(RECORD SET begins)

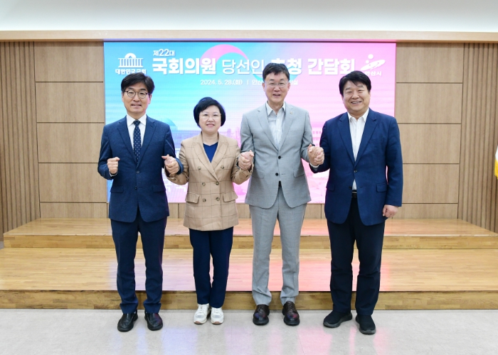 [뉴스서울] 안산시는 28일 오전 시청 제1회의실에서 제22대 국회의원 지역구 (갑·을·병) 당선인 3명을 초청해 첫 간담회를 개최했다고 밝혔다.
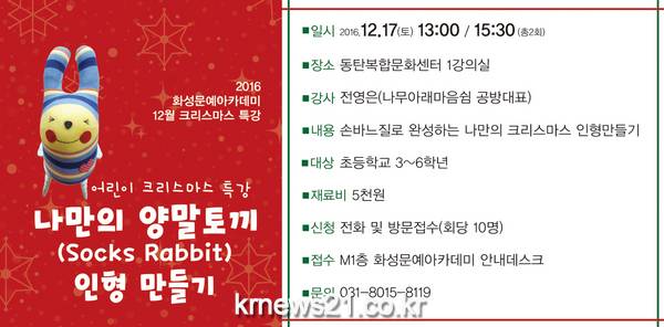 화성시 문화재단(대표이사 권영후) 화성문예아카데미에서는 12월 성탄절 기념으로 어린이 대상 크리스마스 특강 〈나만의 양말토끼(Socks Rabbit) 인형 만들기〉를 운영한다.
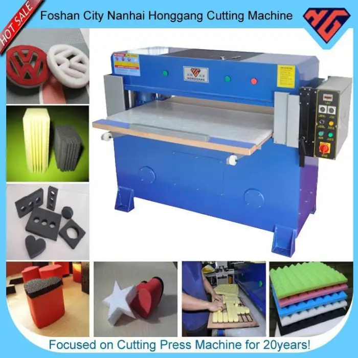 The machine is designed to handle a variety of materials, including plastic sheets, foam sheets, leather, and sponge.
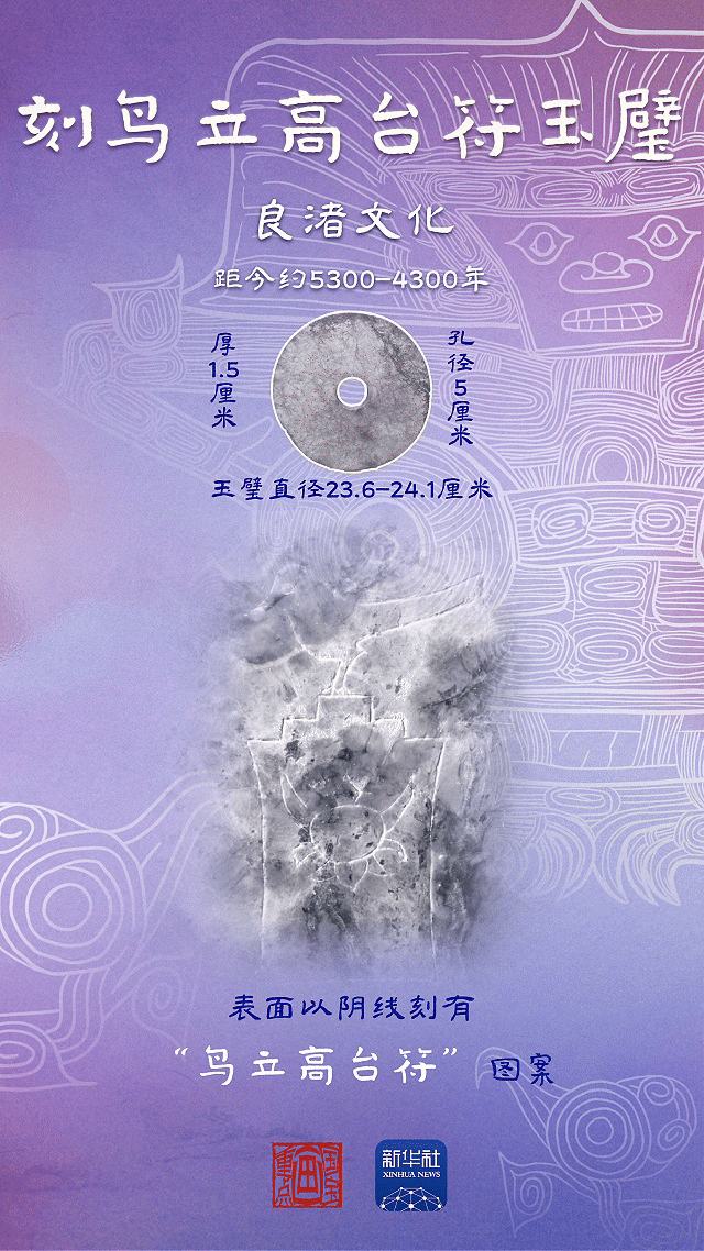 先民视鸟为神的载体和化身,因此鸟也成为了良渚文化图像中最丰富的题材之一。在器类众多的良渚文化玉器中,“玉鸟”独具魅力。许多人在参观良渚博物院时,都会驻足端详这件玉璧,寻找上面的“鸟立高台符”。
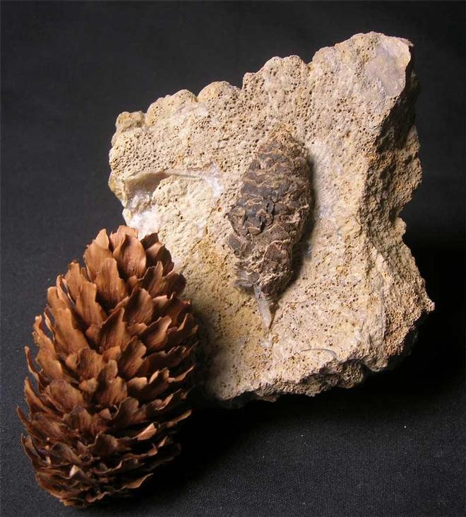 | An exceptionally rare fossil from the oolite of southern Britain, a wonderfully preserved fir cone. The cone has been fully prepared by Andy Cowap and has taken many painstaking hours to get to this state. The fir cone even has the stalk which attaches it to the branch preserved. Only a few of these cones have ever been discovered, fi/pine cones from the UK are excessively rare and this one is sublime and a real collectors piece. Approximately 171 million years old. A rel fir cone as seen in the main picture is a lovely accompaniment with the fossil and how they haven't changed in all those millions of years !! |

(RECORD SET ends)
(RECORD SET begins)

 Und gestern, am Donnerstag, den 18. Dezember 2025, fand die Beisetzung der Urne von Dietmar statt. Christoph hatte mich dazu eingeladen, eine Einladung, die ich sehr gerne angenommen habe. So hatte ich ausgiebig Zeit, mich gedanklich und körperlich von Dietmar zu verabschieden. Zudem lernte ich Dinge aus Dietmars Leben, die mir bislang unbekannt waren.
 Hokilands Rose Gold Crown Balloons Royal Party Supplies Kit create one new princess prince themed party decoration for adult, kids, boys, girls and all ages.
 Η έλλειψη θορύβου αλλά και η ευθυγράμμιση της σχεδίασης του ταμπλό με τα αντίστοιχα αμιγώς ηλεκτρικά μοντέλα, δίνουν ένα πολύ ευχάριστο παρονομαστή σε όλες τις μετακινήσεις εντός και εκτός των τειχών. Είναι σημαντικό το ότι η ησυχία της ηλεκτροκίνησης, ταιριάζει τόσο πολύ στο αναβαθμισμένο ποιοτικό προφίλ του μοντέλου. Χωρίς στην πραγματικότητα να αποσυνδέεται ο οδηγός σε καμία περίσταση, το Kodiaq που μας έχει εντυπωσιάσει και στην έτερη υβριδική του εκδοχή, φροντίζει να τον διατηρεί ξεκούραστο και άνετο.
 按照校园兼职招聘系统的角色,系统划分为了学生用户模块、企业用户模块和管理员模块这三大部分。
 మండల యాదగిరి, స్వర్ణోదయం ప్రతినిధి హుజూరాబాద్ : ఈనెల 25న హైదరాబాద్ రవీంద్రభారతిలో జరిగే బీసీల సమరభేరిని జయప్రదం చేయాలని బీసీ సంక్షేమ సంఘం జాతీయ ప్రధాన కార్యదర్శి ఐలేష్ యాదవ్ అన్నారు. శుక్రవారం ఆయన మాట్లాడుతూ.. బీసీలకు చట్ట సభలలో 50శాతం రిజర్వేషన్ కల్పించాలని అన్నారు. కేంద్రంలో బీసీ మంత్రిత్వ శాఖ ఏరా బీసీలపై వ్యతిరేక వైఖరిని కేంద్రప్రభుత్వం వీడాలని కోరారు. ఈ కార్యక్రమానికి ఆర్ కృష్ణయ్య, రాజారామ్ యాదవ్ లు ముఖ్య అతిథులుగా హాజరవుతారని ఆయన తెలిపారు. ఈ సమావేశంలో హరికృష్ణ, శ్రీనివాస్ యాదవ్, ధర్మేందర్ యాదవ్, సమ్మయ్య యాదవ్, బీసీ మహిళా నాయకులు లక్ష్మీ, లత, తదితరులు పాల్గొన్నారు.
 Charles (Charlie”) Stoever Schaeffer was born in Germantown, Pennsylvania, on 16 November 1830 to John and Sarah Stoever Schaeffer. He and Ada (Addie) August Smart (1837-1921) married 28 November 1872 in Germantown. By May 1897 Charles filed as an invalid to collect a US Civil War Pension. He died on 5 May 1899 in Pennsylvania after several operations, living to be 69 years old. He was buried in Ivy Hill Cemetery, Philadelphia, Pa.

(RECORD SET ends)

PROBLEM TO SOLVE: From the records above, give again only the part that opens with the line containing "[뉴스서울] 안산시는 28일" and closes with the line containing "先民视鸟为神的载体和化身,因". Keep both ends but drop the pictures.

RESPONSE FOR THIS EXERCISE:
 [뉴스서울] 안산시는 28일 오전 시청 제1회의실에서 제22대 국회의원 지역구 (갑·을·병) 당선인 3명을 초청해 첫 간담회를 개최했다고 밝혔다.
 화성시 문화재단(대표이사 권영후) 화성문예아카데미에서는 12월 성탄절 기념으로 어린이 대상 크리스마스 특강 〈나만의 양말토끼(Socks Rabbit) 인형 만들기〉를 운영한다.
 The machine is designed to handle a variety of materials, including plastic sheets, foam sheets, leather, and sponge.
 先民视鸟为神的载体和化身,因此鸟也成为了良渚文化图像中最丰富的题材之一。在器类众多的良渚文化玉器中,“玉鸟”独具魅力。许多人在参观良渚博物院时,都会驻足端详这件玉璧,寻找上面的“鸟立高台符”。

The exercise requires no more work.